● **Work to complete**: Set down exactly the lines in the records below that run from the line with "Bracciale rotondo in" to the line with "Ein exquisites Jugendstil", inclusive, and nothing more.

● **Exercise data**:

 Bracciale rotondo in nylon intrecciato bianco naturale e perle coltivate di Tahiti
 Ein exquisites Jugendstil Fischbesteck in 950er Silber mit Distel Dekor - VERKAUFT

...

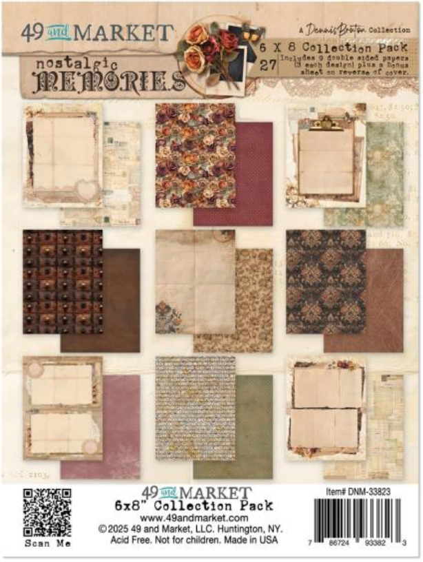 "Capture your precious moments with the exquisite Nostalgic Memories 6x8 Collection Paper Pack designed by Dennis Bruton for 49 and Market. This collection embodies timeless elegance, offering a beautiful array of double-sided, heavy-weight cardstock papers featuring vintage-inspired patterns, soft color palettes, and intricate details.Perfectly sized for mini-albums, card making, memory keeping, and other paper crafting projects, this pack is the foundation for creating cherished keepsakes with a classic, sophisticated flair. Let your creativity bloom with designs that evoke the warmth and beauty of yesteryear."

● **Answer below**:
 Bracciale rotondo in nylon intrecciato bianco naturale e perle coltivate di Tahiti
 Ein exquisites Jugendstil Fischbesteck in 950er Silber mit Distel Dekor - VERKAUFT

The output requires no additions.